MATERIAL FOR THE TASK:

----

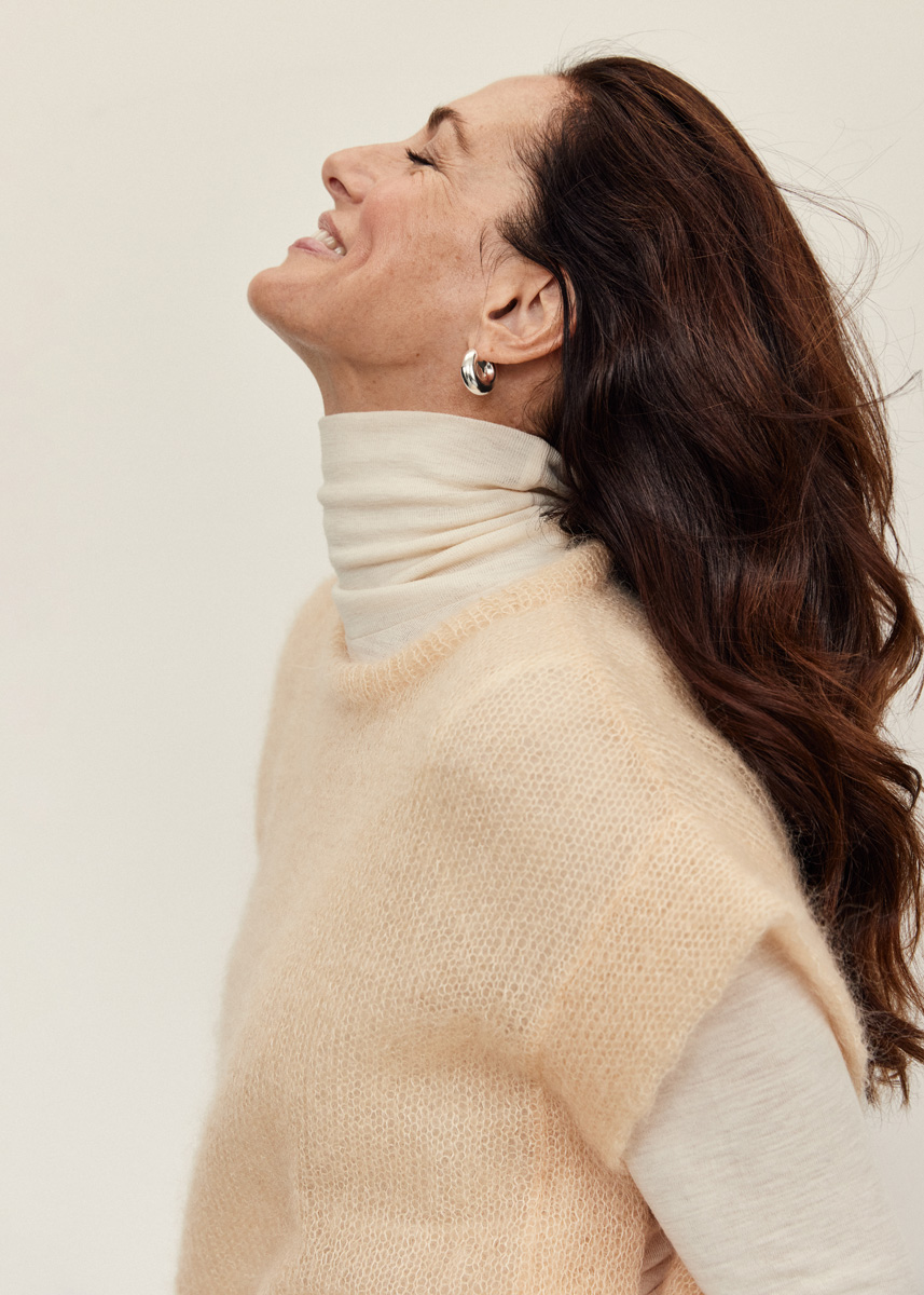 Lana Grossa Silkhair (70% mohair (superkid), 30% silke, löplängd 210 m/25 g), 125 (150 – 175) g persika (färg 195); stickor nr. 4 och 4,5 och 1 rundsticka nr. 4, 40 cm lång.
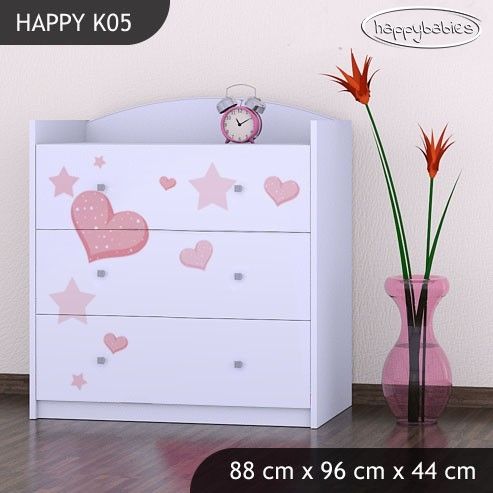 Detské komody patrí do každej detskej izby. Komody sú nielen krásne, ale hlavne praktické. Deťom slúži na uloženie oblečenia, najrôznejších hračiek a drobností a učí ich poriadku. Ponúkame Vám krásnu detskú komodu s tromi zásuvkami, ktorá je vyrobená z vysoko kvalitnej lamino dosky a na čelách šuplíkov má krásny farebná potlač, ktorý sa Vášmu dieťaťu určite zapáči.
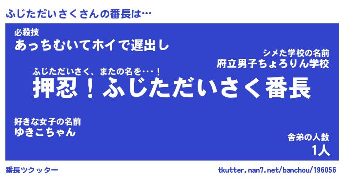 | 伝説のあだ名 | 『封印されしスナイパーふじただいさく』 |
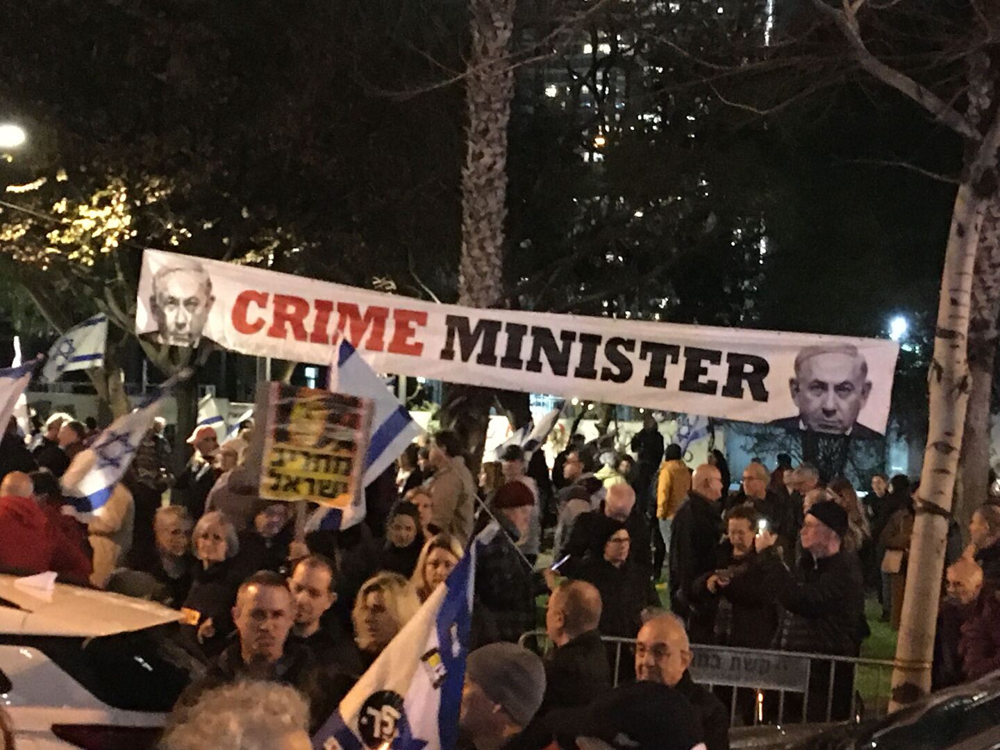 وردد المتظاهرون شعارات مؤيدة لإجراء انتخابات مبكرة ومطالبة باستقالة رئيس الوزراء الإسرائيلي بنيامين نتنياهو.
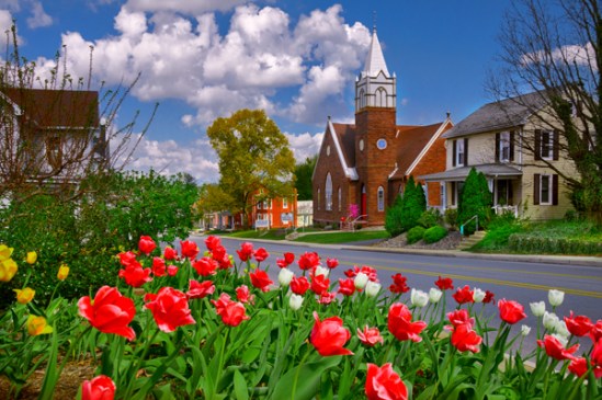I have been a little busy this spring doing mulching and spring cleanup and subsequently I have not had time to look for spring scenes. This last week has been popping with color so I did manage to capture a few to share! This is a local cemetery where my Grandma is buried and last week her daughter, my Aunt was laid to rest here. I happened to glance at the cemetery while driving by and noticed this one section seemed to be alive with color. It is not my favorite view of the church but since this section was the only one with the spring display, I had no other option. For all I know these are all gone by now as I heard a mower somewhere on the back side of the hill.
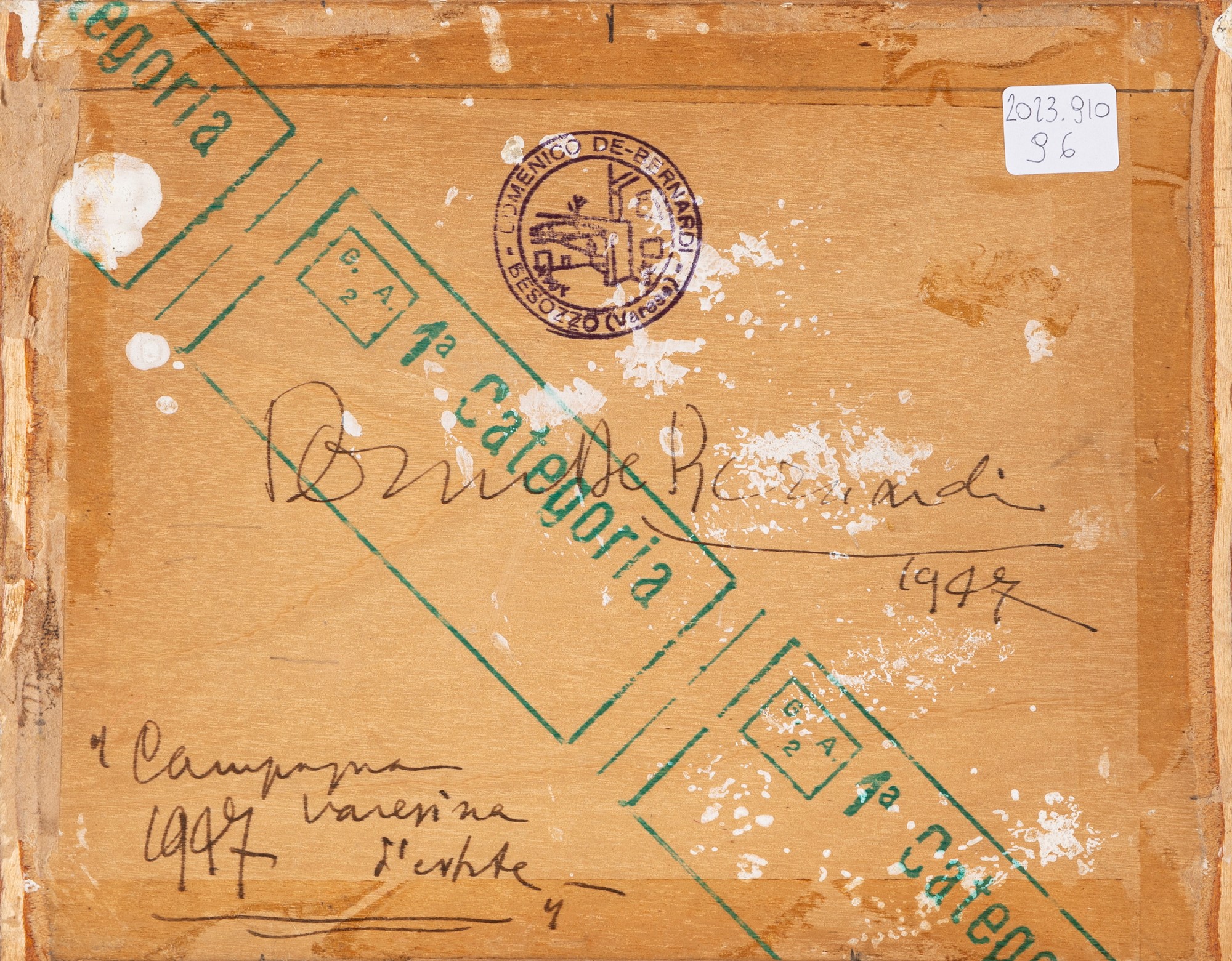 al retro, sul compensato, timbro del pittore, firma, data e titolo
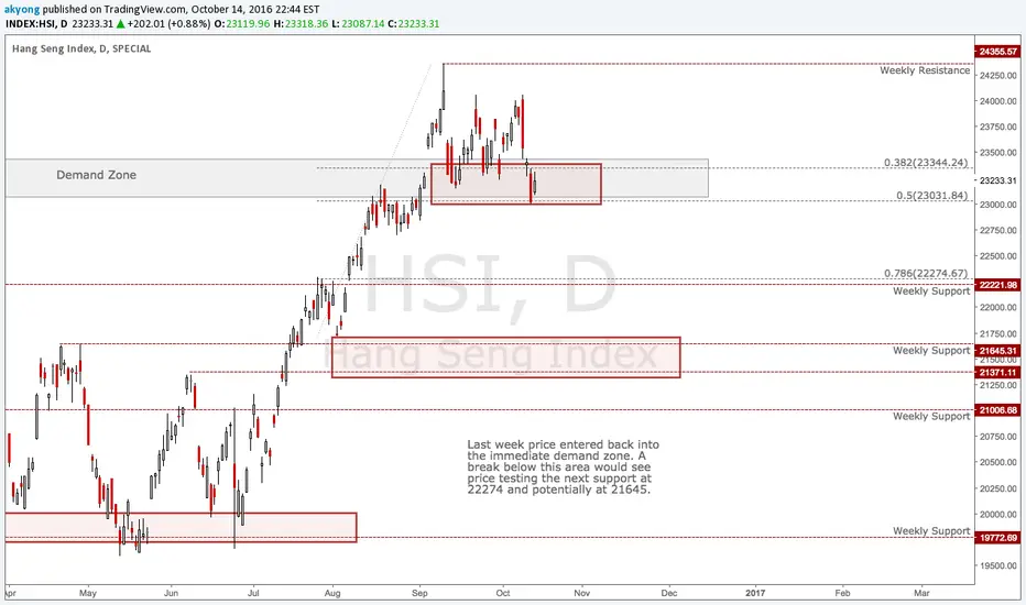Last week price entered back into the immediate demand zone. A break below this area would see price testing the next support at 22274 and potentially at 21645.

----

YOUR OBJECTIVE:
Within the listing above, write out the stretch from the line with "伝説のあだ名 | 『封印されしスナイパーふじただいさく』 |" through the line with "I have been" exactly. Any pictures are to be left out.

REPLY TO THE EXERCISE:
 | 伝説のあだ名 | 『封印されしスナイパーふじただいさく』 |
 وردد المتظاهرون شعارات مؤيدة لإجراء انتخابات مبكرة ومطالبة باستقالة رئيس الوزراء الإسرائيلي بنيامين نتنياهو.
I have been a little busy this spring doing mulching and spring cleanup and subsequently I have not had time to look for spring scenes. This last week has been popping with color so I did manage to capture a few to share! This is a local cemetery where my Grandma is buried and last week her daughter, my Aunt was laid to rest here. I happened to glance at the cemetery while driving by and noticed this one section seemed to be alive with color. It is not my favorite view of the church but since this section was the only one with the spring display, I had no other option. For all I know these are all gone by now as I heard a mower somewhere on the back side of the hill.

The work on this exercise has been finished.